On May 1, the leader of Venezuela announced he was breaking with the IMF and the World Bank. He said the oil fields would be re-nationalized in the Orinoco region. Venezuelan President Hugo Chavez showed his desire to take control of what his predecessors sold off cheaply to foreign oil companies.

Chavez described the IMF and the World Bank as “mechanisms of imperialism designed to exploit the poor countries.” Yes, they certainly are. IMF loans, usually accompanied by austerity plans for the population of the recipient countries, generate huge interest payments, forcing recipients to pay back several times what they were loaned. This break with the IMF has its limits, however. First Chavez paid back the entire 3.3 billion dollars that Venezuela owed the IMF. The countries of Brazil, Argentina, Uruguay and Ecuador just did the same thing.

And why did these countries pay back their loans? They propose to set up their own regional lending bank, the Bank of the South, this coming June. Venezuela, Argentina and Brazil could very well play on a regional level the role that the IMF plays with respect to them. These countries have 200 billion dollars in financial reserves, half invested in U.S. treasury bonds. But they have their differences. Brazil says a Bank of the South should imitate the World Bank by supporting development projects, while Argentina and Venezuela prefer that it be like the IMF, a lender in the region.

In any case, this regional bank would, like other institutions such as Mercosur, the regional common market, create a counterweight to the economic pressures these countries face from the United States.

The Latin American states have found a perfect moment for this move, since the U.S. is mainly preoccupied with the war in Iraq. The U.S. has failed in its attempt to establish a common market of the Americas, reaching from Canada to the southern tip of South America, a market in which the U.S. would be the main beneficiary.

After his declaration against the IMF, Chavez sent in the army and industry workers to occupy the oil fields of the Orinoco region. Symbolically, the flag of the Venezuela oil company PDVSA was raised. Since 2005, PDVSA has owned 51% of the stock of the different oil companies throughout Venezuela. The Orinoco is the last oil sector where foreign companies are still dominant, because they alone have the technical means to refine oil from the especially heavy crude of the region.
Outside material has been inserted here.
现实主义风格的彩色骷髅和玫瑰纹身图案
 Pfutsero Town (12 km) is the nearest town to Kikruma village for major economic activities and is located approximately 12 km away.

The Orinoco is important because, according to experts, it may contain the largest reserve of oil and gas in the world, more even than Saudi Arabia.
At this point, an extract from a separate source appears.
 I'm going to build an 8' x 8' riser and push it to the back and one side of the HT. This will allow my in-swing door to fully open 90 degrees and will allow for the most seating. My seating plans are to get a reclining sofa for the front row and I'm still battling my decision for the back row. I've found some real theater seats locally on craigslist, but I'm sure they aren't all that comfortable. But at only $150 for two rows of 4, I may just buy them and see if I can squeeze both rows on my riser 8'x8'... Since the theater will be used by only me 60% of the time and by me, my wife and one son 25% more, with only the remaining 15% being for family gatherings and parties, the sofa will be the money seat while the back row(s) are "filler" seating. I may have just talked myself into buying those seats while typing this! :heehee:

The media circus in Orinoco is meant to aid Venezuela’s renegotiation of oil contracts in effect with the foreign companies. Two oil companies say they will abandon the Orinoco. But eleven others, particularly Chevron and Total, have accepted a reduction in their share of ownership in order to maintain a foothold in this very promising region. In this way, Chavez gains their technical assistance to continue to extract oil from the Orinoco region. The U.S. oil companies are quite conciliatory since Venezuela remains one of the main oil suppliers to the U.S.
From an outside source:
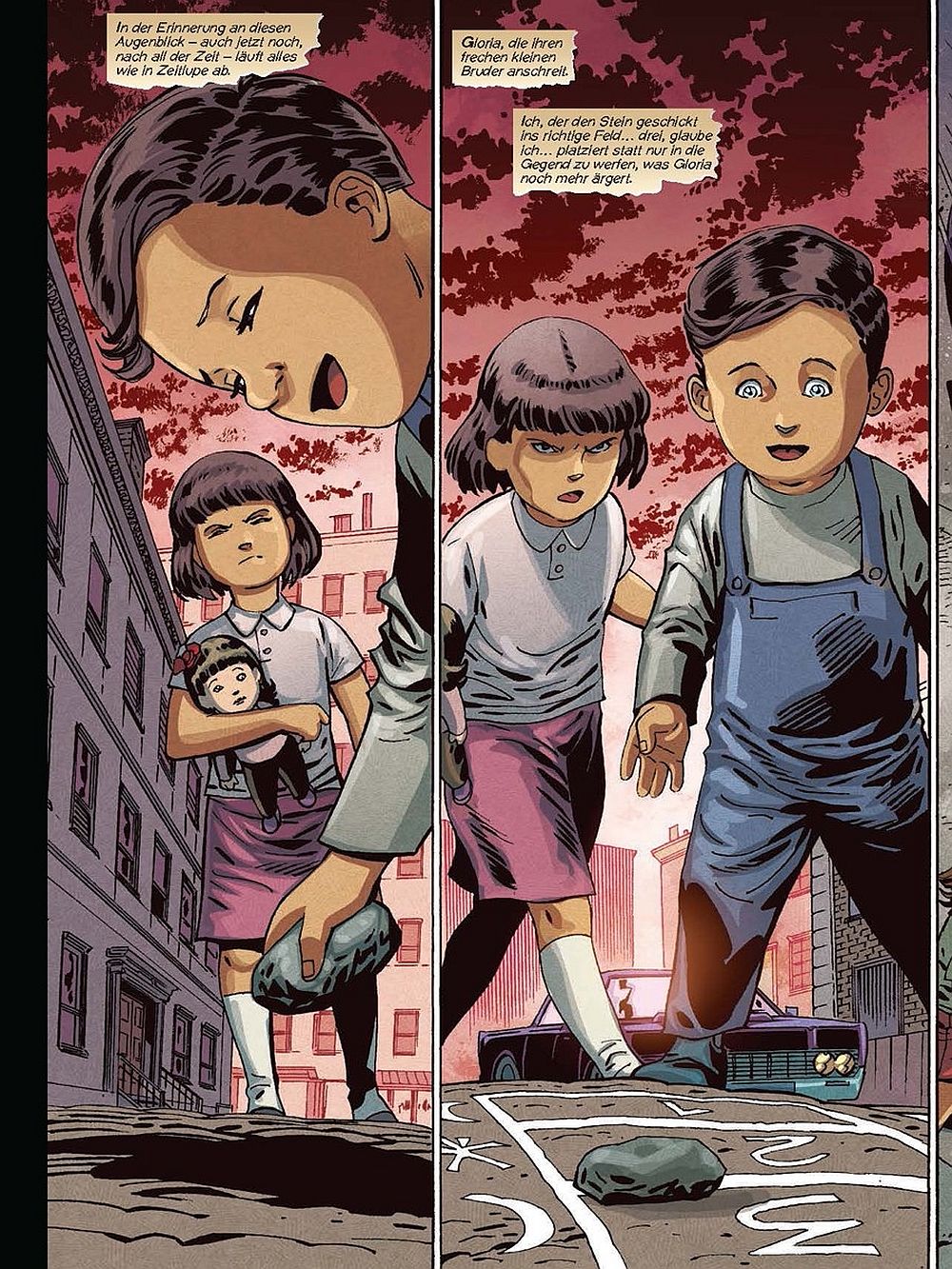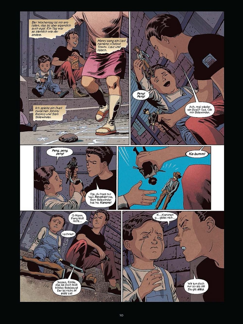 Auf intensive Art und Weise erfährt der Leser intime und prägende Einblicke in die Familienangelegenheiten von Eddie Dean. Sein Bruder Henry Dean verübt einen eher schlechten Umgang, denn mit zusehendem Alter nimmt die Drogenproblematik ihren Lauf und hält auch vor Eddie Dean nicht mehr zurück. Bis dahin gibt es jedoch einen sehr schockierenden Moment in Eddie seiner Kindheit, denn der Autounfall seiner Schwester ist zeichnerisch, erzählerisch und dramaturgisch einfach grandios umgesetzt worden. Das ist ganz großes Kino, was hier an Intensivität auf den Leser einprasselt. Der zeichnerische Perspektivenwechsel in Nahaufnahme ist verwirrend und etwas verstörend zugleich. So erfährt der Leser nach und nach wichtige Episoden aus Eddie Dean seinem Leben, Episoden, die ihn stark geprägt und beeinflusst haben. Wie ist er zum Drogendealer geworden, was hat er mit seiner Familie alles erlebt. Das alles ist durchgehend intensiv erzählt, was den Band unwiderstehlich macht aus den Händen zu legen.

Chavez showed he intends to hold his course, putting forth the rights of the Venezuela state, that is, of the Venezuela bourgeoisie, to control the resources of the country. This attitude permits him to reinvest a part of the oil windfall in social programs that benefit the poor population. In Latin America, this is rather an exception to the rule. But it hasn’t changed the underlying exploitation of the laboring population in Venezuela.